Mental health awareness has become a hot topic in recent years, but is it enough? We’ll look at ways for business leaders to stay proactive about managing their mental health, even when it might not feel like the biggest priority. We’ll also be looking at how they can use these skills to help manage their teams during turbulent economic times. 

The current toll of mental pressure on leaders

While the conversation tends to steer around how to boost employee wellbeing, there’s been less of an emphasis on looking after your own mental health as a leader. However, for many business leaders, it’s not always clear where to start. According to the BACP, two thirds of UK business owners feel as if they are struggling with their mental health, but deprioritise it in favour of financial success instead. 

With new geopolitical tensions and supply chain disruptions emerging, Ernst & Young found in their 2022 Global Report that CEOs are having to plan for ‘multiple possible futures’; only 2% did not anticipate an economic downturn. This means there’s increased pressure for business leaders to keep morale high. Therefore, learning how to manage this stress helps business leaders and their teams to stay focused and on track. As we found in 2022, new research suggests that prioritising work wellbeing in general is good for both people and profits, leading to a win-win situation for CEOs.

Happiness at work is a shared responsibility

The Covid-19 pandemic in particular notably hit leaders in health and social care roles, and these issues still persist. A 2022 study by the King’s Fund found that their current challenge is ‘monumental’ and requires a key shift in leadership towards more collective leadership styles. The article emphasised that compassionate leadership is not a ‘soft option’, but rather one that requires resilience, courage and belief. Increased staff shortages and low morale in these sectors means that leaders may have to rethink their approach to management if they are to reduce their stress levels. 

This connects with what we discovered in our Work Wellbeing 2022 Insights Report – employees strongly believed that ‘happiness is a shared responsibility between individuals and the organisation, with managers having a critical role’. So now, we’ll look at some resources for business leaders to help manage their own mental health, as well as that of their teams.

Resources for managing teams during crises

Keeping mental health in check during turbulence can feel challenging, especially without the right toolkit to hand. Business leaders who are able to manage their own mental health may be more likely to be able to ‘show up’ as authorities to their team, and lead them better.

‘Showing up’ as a leader

Leaders play a critical role in helping protect their teams from feelings of uncertainty during a crisis. This means checking in with their own stress levels, and taking time off when needed. Leaders might be able to better regulate their own fears about the future with a social media detox – The Guardian found that access to large amounts of negative information online can be overwhelming. Consider fighting social media addiction with ideas like distraction-free time, screen time boundaries, and turning lunch into a social opportunity.
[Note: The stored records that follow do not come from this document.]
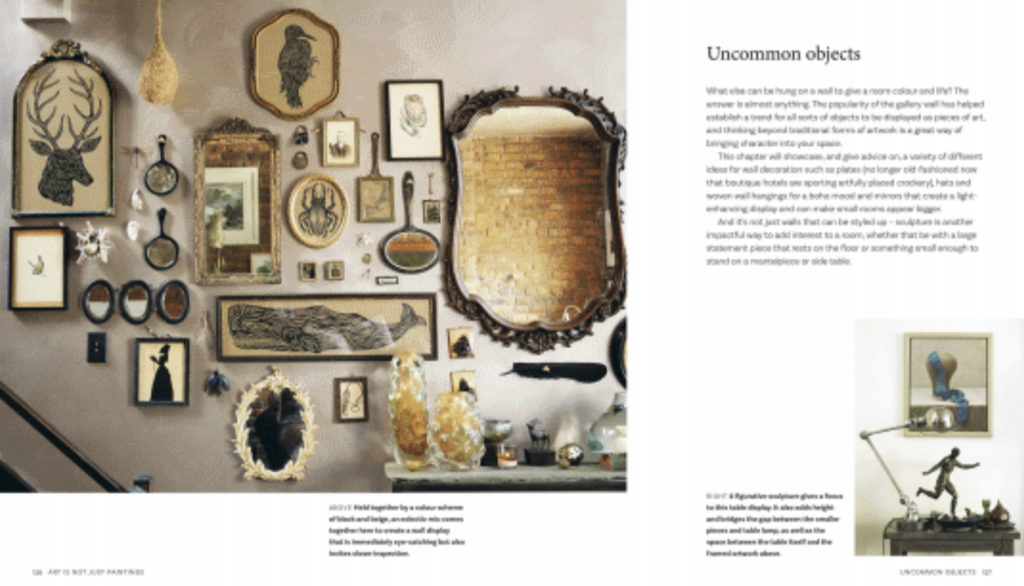 Rachel Loos explore ensuite la façon de commencer une collection, y compris des conseils pour adapter l’art à l’ambiance d’une pièce et pour acheter en respectant un budget. Comment encadrer et accrocher des oeuvres. Enfin, dans L’art n’est pas seulement une peinture, Rachel étudie comment exposer des objets que vous ne considérez peut-être pas comme de l’art, tels que des assiettes décoratives, des chapeaux ou des objets trouvés dans la nature. Dans chaque chapitre, des experts et des amateurs d’art nous ouvrent les portes de leur propre maison et nous font part de leur expérience.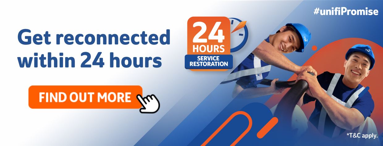 They will also know the technician's scheduled arrival for restoration work. Service should be restored within 24 hours, or a RM50 bill rebate will be issued for the customer’s bill and redeemed via the MyunifiApp.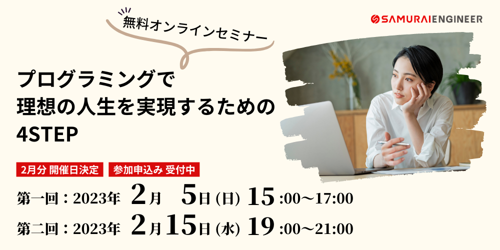 プログラミングスクール「SAMURAI ENGINEER」を運営する株式会社SAMURAI(本社所在地:東京都千代田区、代表取締役 :高比良 直人)は、無料オンラインセミナー「プログラミングで理想の人生を実現するための4STEP」の開催日を決定しましたのでお知らせいたします。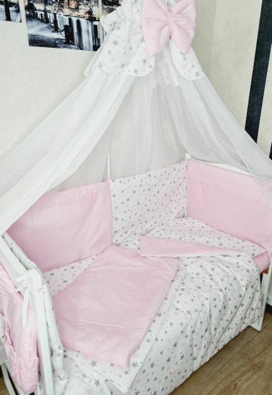 Набір постільний в дитяче ліжечко з захисними бортиками подушки, балдахін, кишеня Зірочки рожеві

Creating a work-life balance for both you and your employees

We found that business leaders are currently deprioritising mental health in favour of financial success, but they might be able to reduce their stress levels is to strike a better work-life balance. Flock’s survey found that planned time away helps people to do better at work, and that business owners leading by example here may improve employee quality of work. As we found in our Hiring Lab study on the jobs people do and don't want to leave, candidates are drawn to highly-paid roles with generous benefits, such as those in software development. 

This could look like setting clear boundaries for work time and home time, particularly if employees are working remotely. By being transparent about this, employees have a better understanding of when they have permission to log off at the end of a busy day. As we found, however, in our guide to tackling mental health stigma, work-life balance is just one tool to consider. Open discussion about mental health issues is crucial, too.

Going beyond mental health awareness

A UK survey by Nuffield Health in News Medical found that while mental health transparency is indeed increasing at work, it's still the case that only 1 in 4 people feel comfortable discussing their mental health with their employee. They suggest that since 48% of employees surveyed found that anxiety had impacted their work negatively, that businesses should become better equipped at recognising the signs of heightened emotion at work. 

Mind emphasises that creating a mental health strategy at work doesn't need to be expensive. Consider quiet rooms, providing accommodations, or even a mental health awareness course. One company leading the way here – according to Anderson Hoare – is Innocent Drinks, who offer free yoga, mental health aids, and a confidential employee assistance programme which is open 24 hours a day.

While mental health awareness has grown, employers are now catching up to the realities of managing stress and mental health in the workplace. With the right resources, business leaders can not only respond more effectively to employee mental health concerns, but their own. Going beyond mental health transparency towards actionable solutions and policies can help them to boost morale through crises and keep employees focused at work.